Other Acute Chemical Poisoning
- Any patient with acute poisoning caused by occupational exposure to any other chemical (e.g. cyanide, hydrogen sulfide, chlorinated hydrocarbon solvents).
Patients with a physician’s diagnosis of asthma AND an association between symptoms and work:
- Newly sensitized by exposures at work, OR
- With pre-existing asthma exacerbated by exposures at work, OR
- For whom a one-time exposure to chemical(s) at work resulted in generalized airway hyperactivity.
Other work-related lung diseases
Chemical or Hypersensitivity Pneumonitis
- Diagnosis of pneumonitis; with a history of recent work exposure to a suspect agent
- Diagnosis of silicosis, asbestosis, berylliosis or other pneumoconiosis
Other possible work-related lung diseases
- COPD, infectious disease, bronchiolitis obliterans with suspicion of work causation or exacerbation
Heavy metal absorption
- Mercury (blood >15 μg/L, or urine >35 μg/gram creatinine)
- Cadmium (blood >5 μg/L, or urine >5 μg/gram creatinine)
- Any other case of heavy metal absorption believed to be related to exposures at work
Providers are not required to report elevated lead levels.
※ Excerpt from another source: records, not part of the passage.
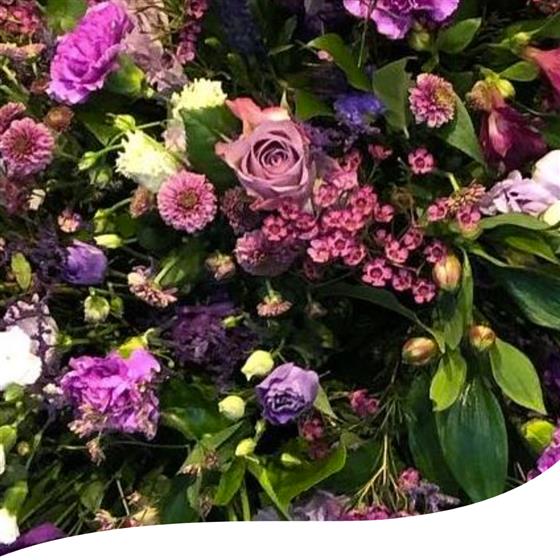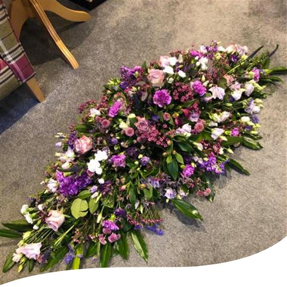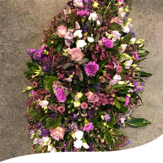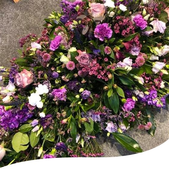 This beautiful coffin spray is made of purple Waxflower, lilac Limonium statice, Lilac Roses, Moon light carnations, Purple Alstro, lilac Lisianthus, purple Lisianthus, lilac Doria Santini, Lilac stocks with a mixed selection of foliage.
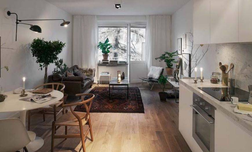 Использование данного стиля делает студию более светлой и просторной, поэтому он лучше всего подходит для маленьких квартир. Добавить интерьеру самобытности поможет заказная мебель из природных материалов, украшения из натурального камня и дерева, редкие комнатные растения.
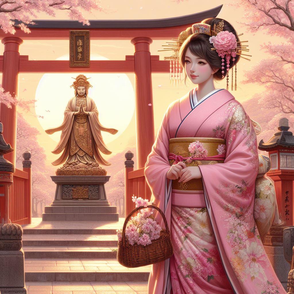鬼に案内されて本殿の中に入っていくと、そこには、着物を着た女神がいた
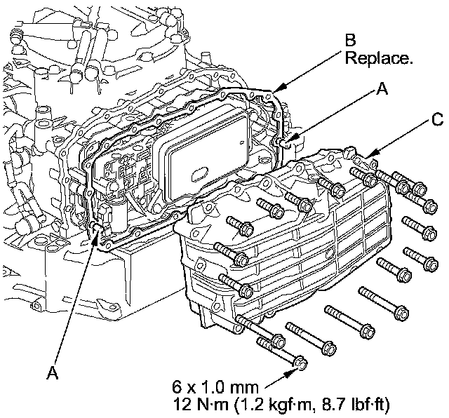 1. Install new O-rings (A) on the CVTF feed pipes (10.9 x 56 mm) (B), then install them with the filter ends into the transmission housing (C).
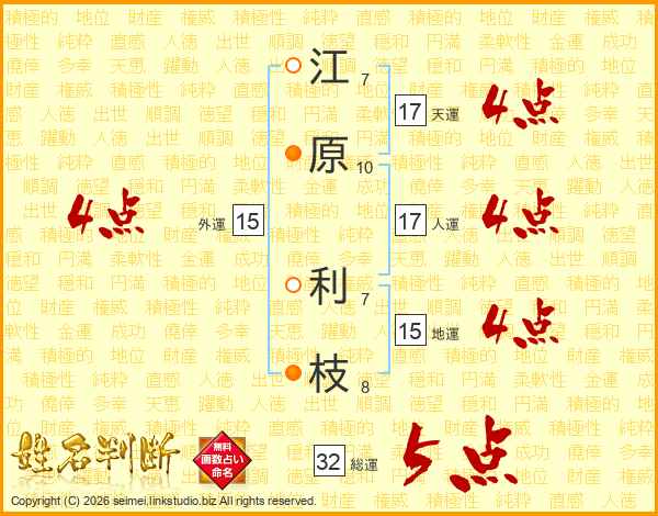 生活面を象徴する運勢です。外部から受ける影響力を表し、結婚運、家庭運や職場、環境への順応性を表します。総運から人運を引いた画数。姓や名が1文字の場合を除く。
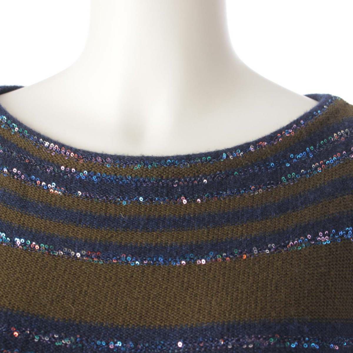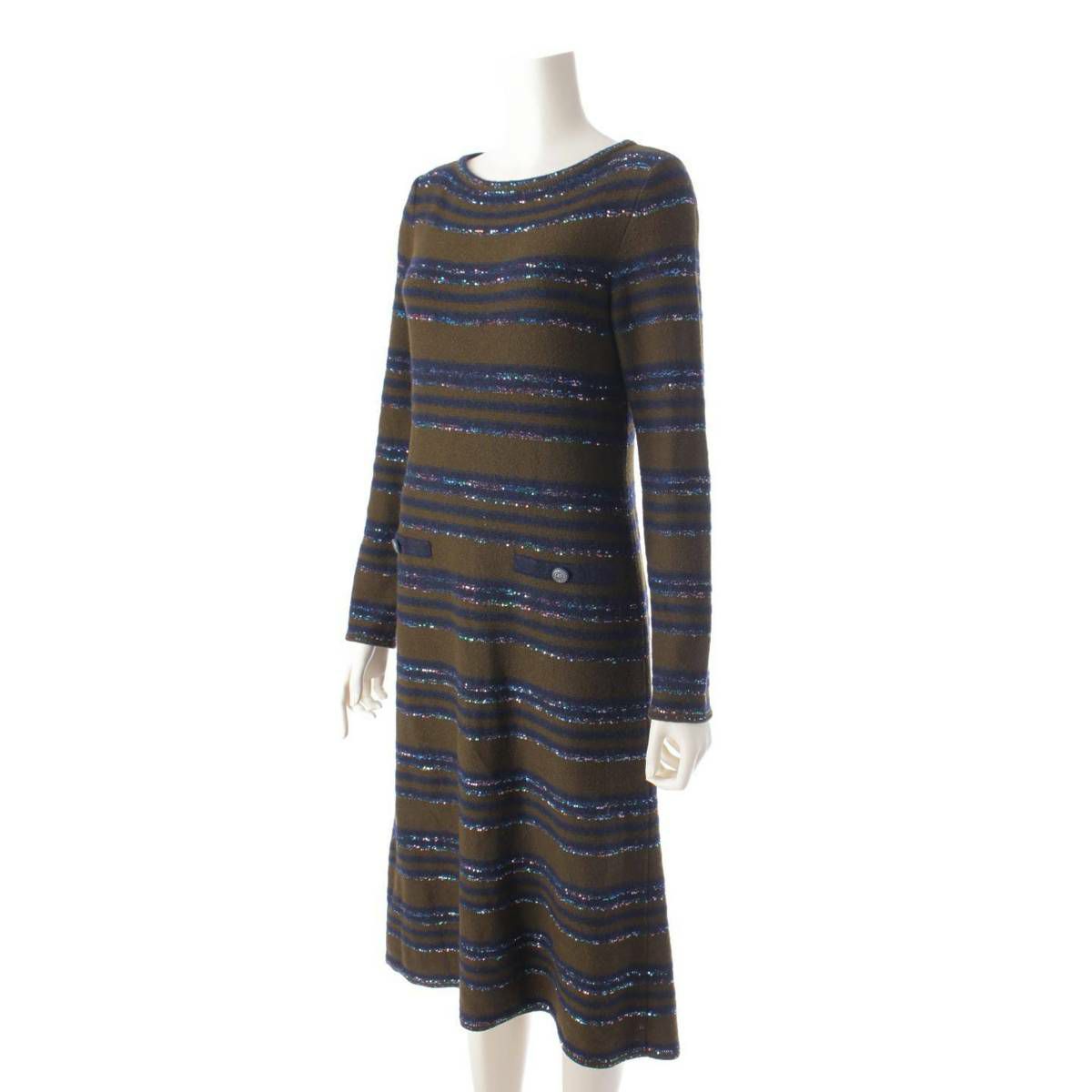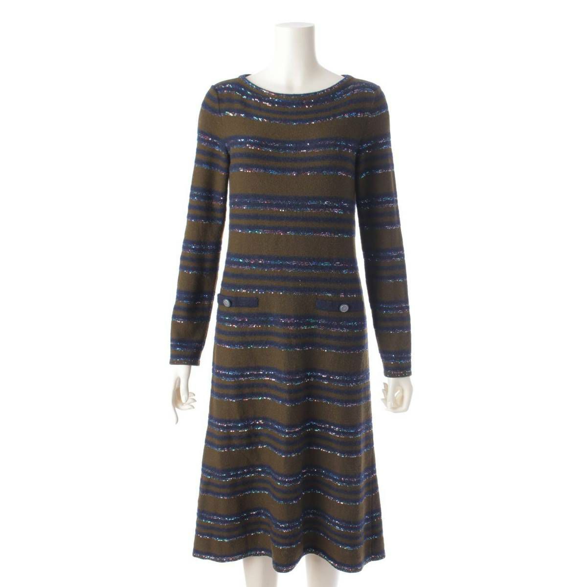 シャネル カシミヤ スパンコール 長袖 ニットワンピース P62936 カーキ×ネイビー 36

Lead levels >0 μg/dL in blood in persons 15 years and older are reported by laboratories to the Massachusetts Occupational Lead Poisoning Registry.
Outbreaks of work-related diseases
Occurrence in a workplace of cases of an illness in excess of the number of cases usually expected. Work-related disease is defined as a disease or condition which is believed to be caused or aggravated by conditions in the individual’s workplace. Outbreaks or clusters are identified by significant increases in the usual frequency of the disease, among the specified population, at the same season of the year.